Studio album by Saint Vitus
- Released: 1990
- Recorded: November–December 1989
- Studio: Vielkang Studio (Berlin, West Germany)
- Genre: Doom metal
- Length: 35:52
- Label: Hellhound
- Producer: Stephan Gross

Saint Vitus chronology
| Mournful Cries (1988) | V (1990) | Live (1990) |

= V (Saint Vitus album) =

V is the fifth studio album by American doom metal band Saint Vitus, released in 1990. Its title is a reference to the Roman numeral five, not the letter "V" from the English alphabet. The album was the band's first release not on SST Records and the last one to feature singer Scott "Wino" Weinrich (until 2012's Lillie: F-65).
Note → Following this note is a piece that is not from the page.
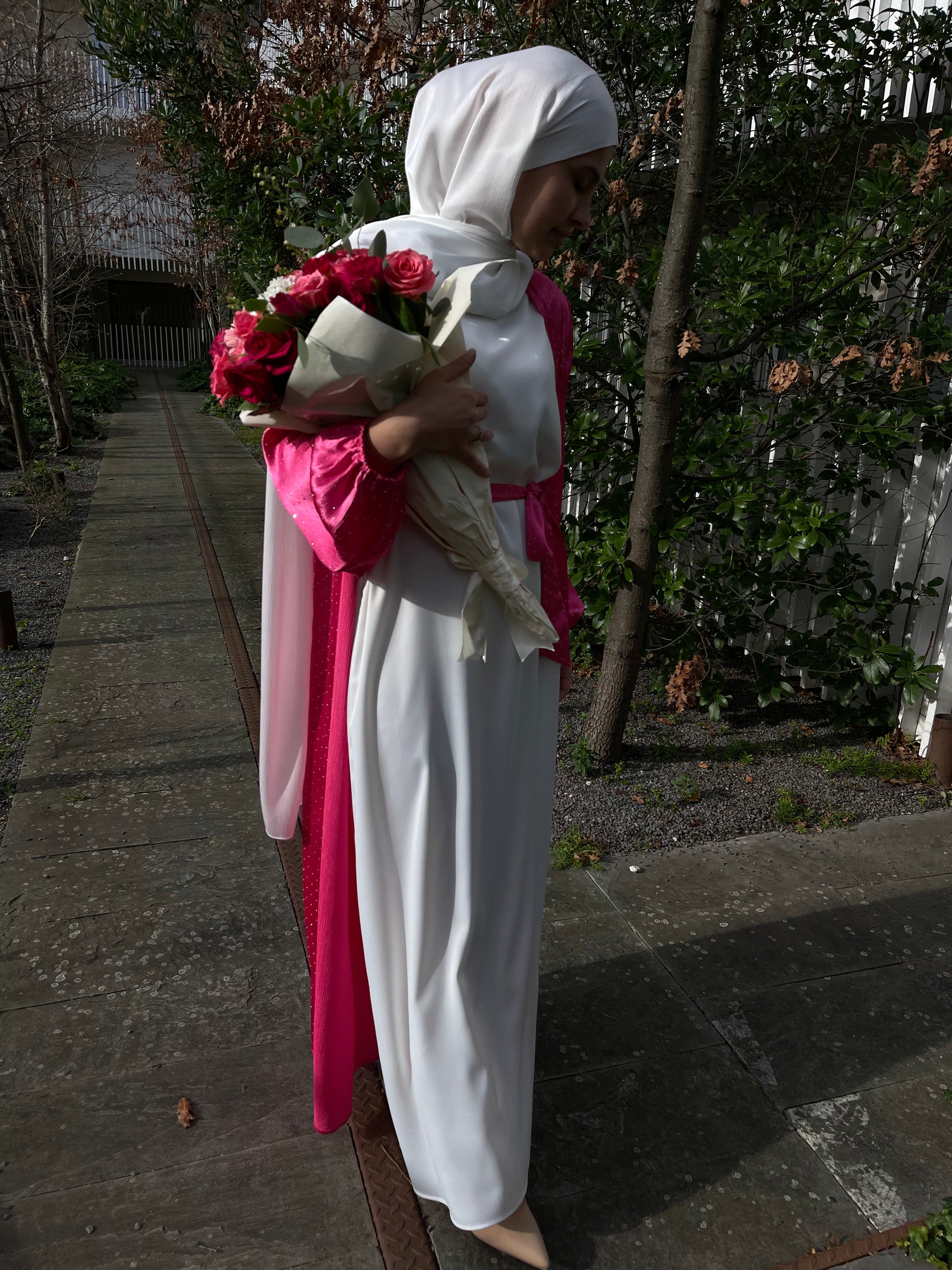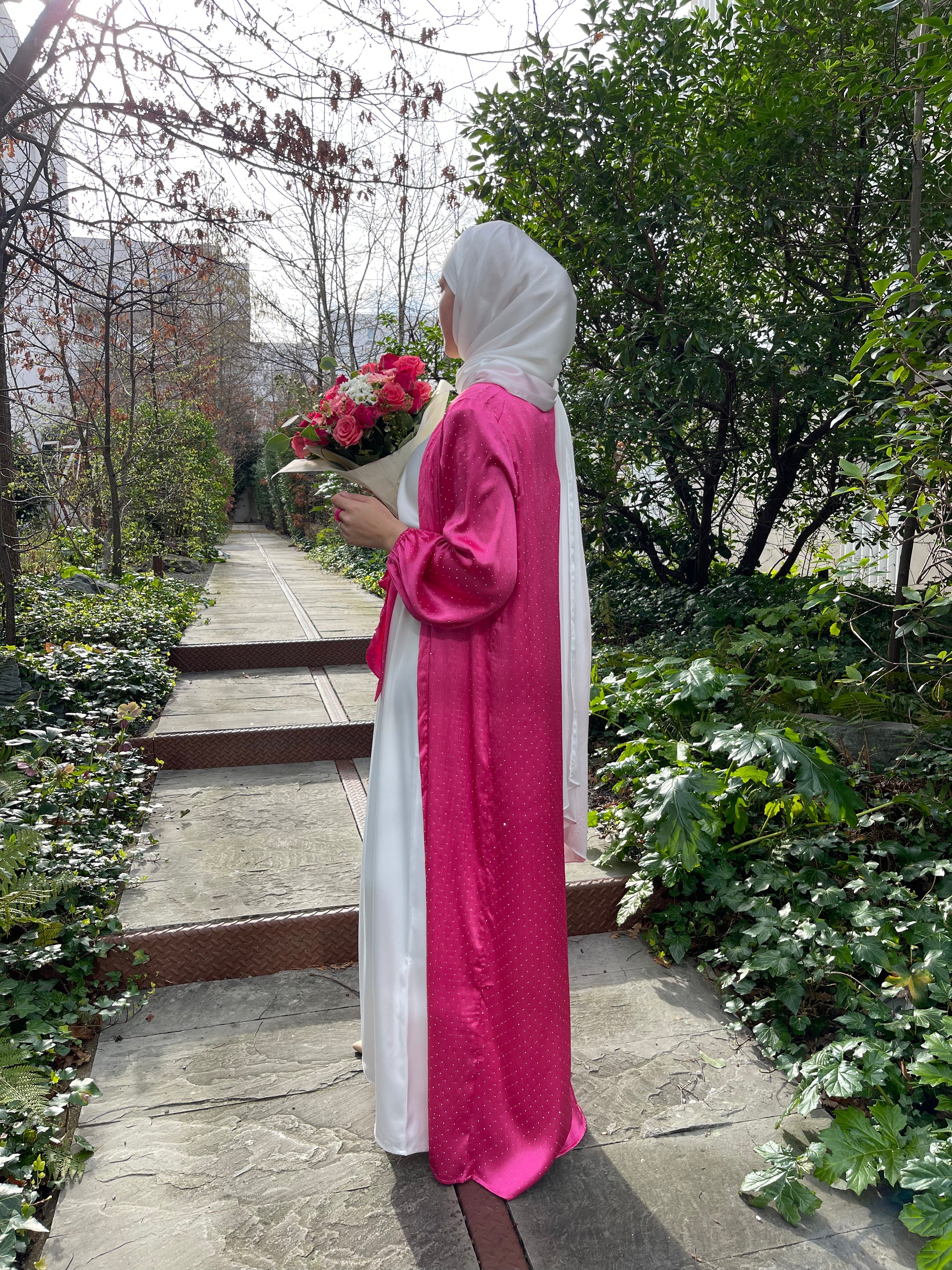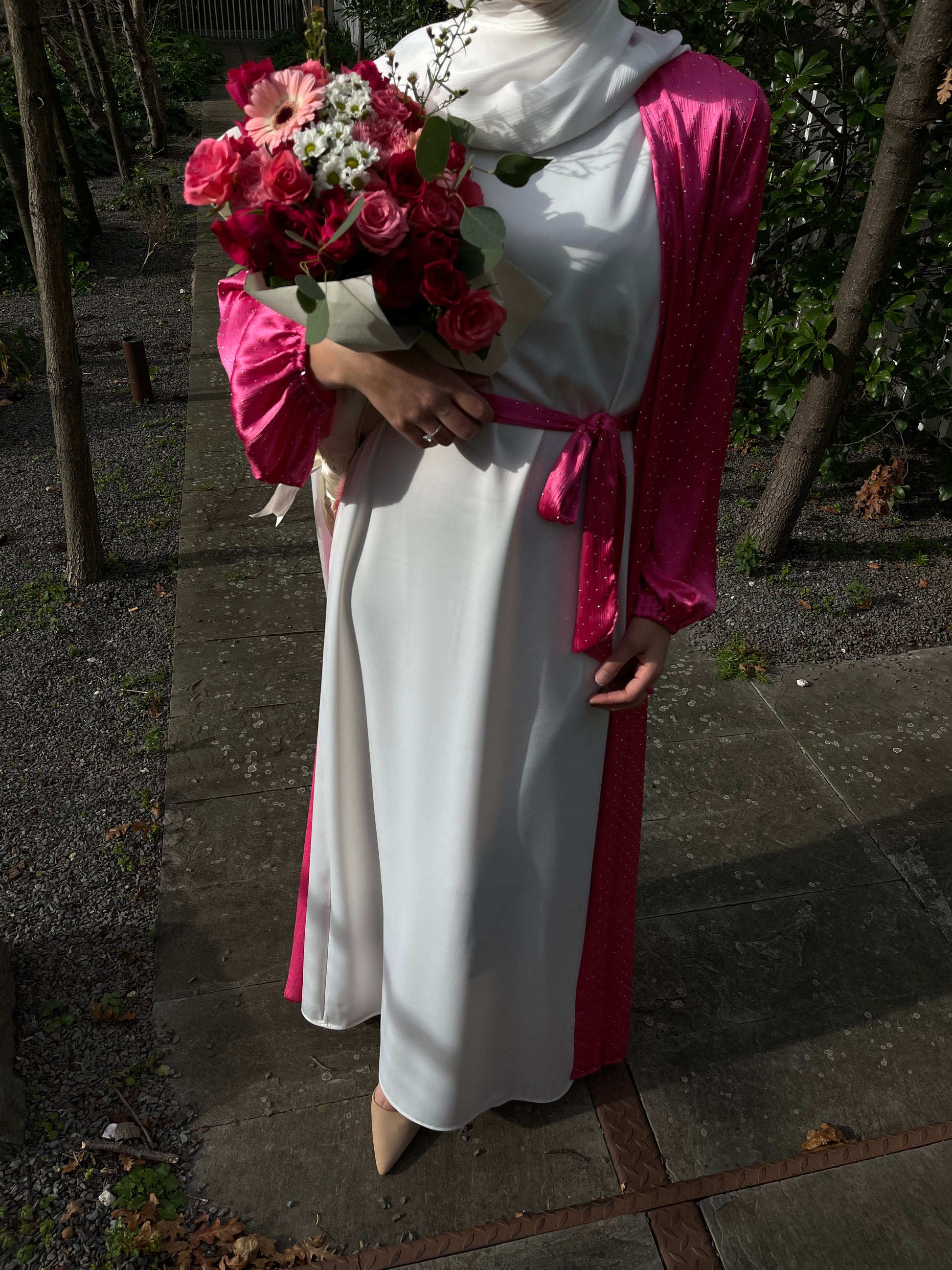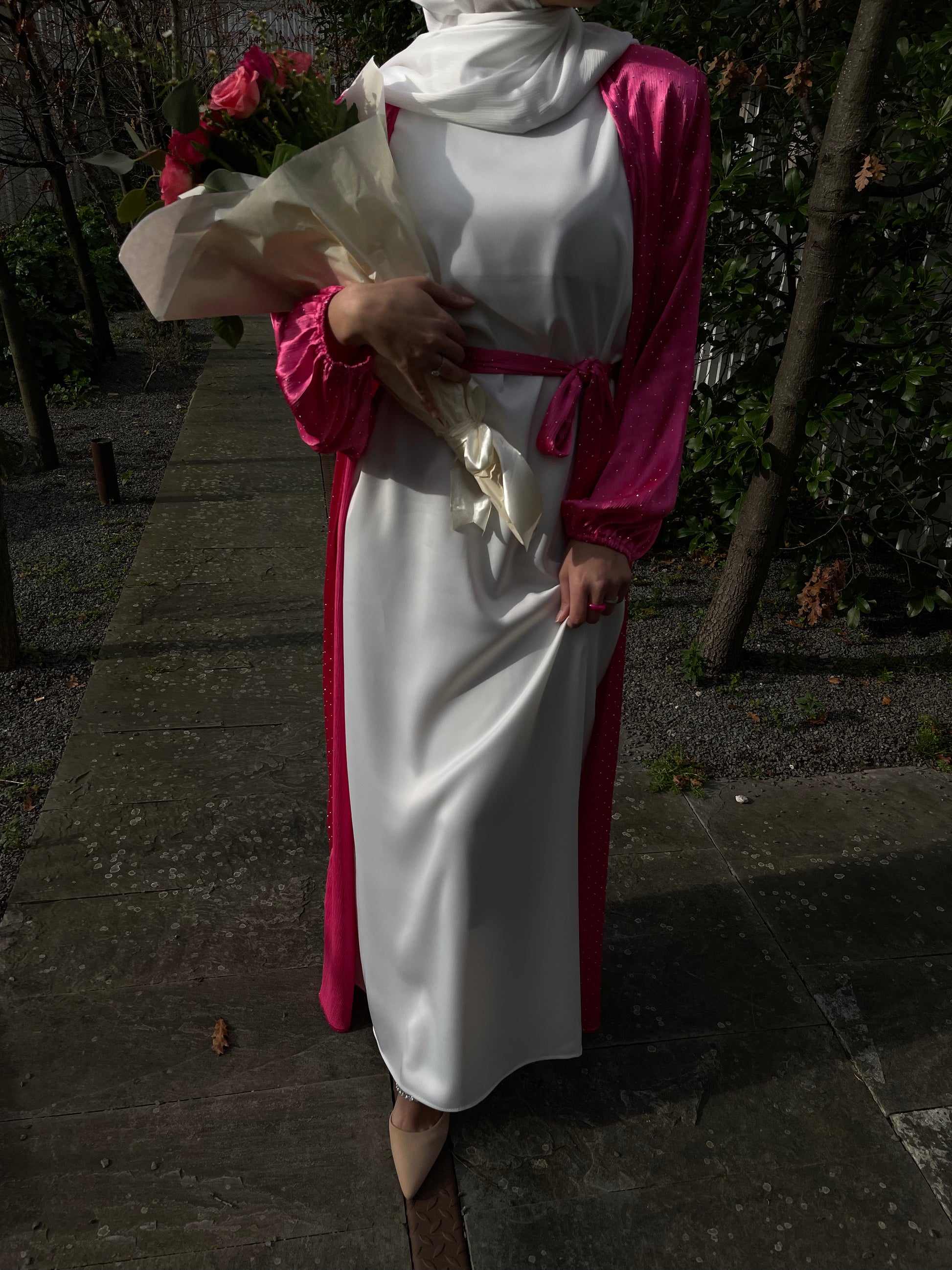 Long kimono fushia entièrement orné de strass, accompagné d'une ceinture.

In 2004, Southern Lord Records re-released the album on CD and vinyl. The reissue CD contains bonus live footage from The Palm Springs Community Center on May 16, 1986.

The track "Ice Monkey" has been covered by sludge metal band Down during their live shows. A line in "Ice Monkey" also inspired the name of Down's NOLA opener "Temptation's Wings". "Patra" was covered by The Kilimanjaro Darkjazz Ensemble in 2009.

Professional ratings
Review scores
| Source | Rating |
| AllMusic | Star Half star |
| Collector's Guide to Heavy Metal | 6/10 |

==Track listing==
All songs written by Dave Chandler, except where noted.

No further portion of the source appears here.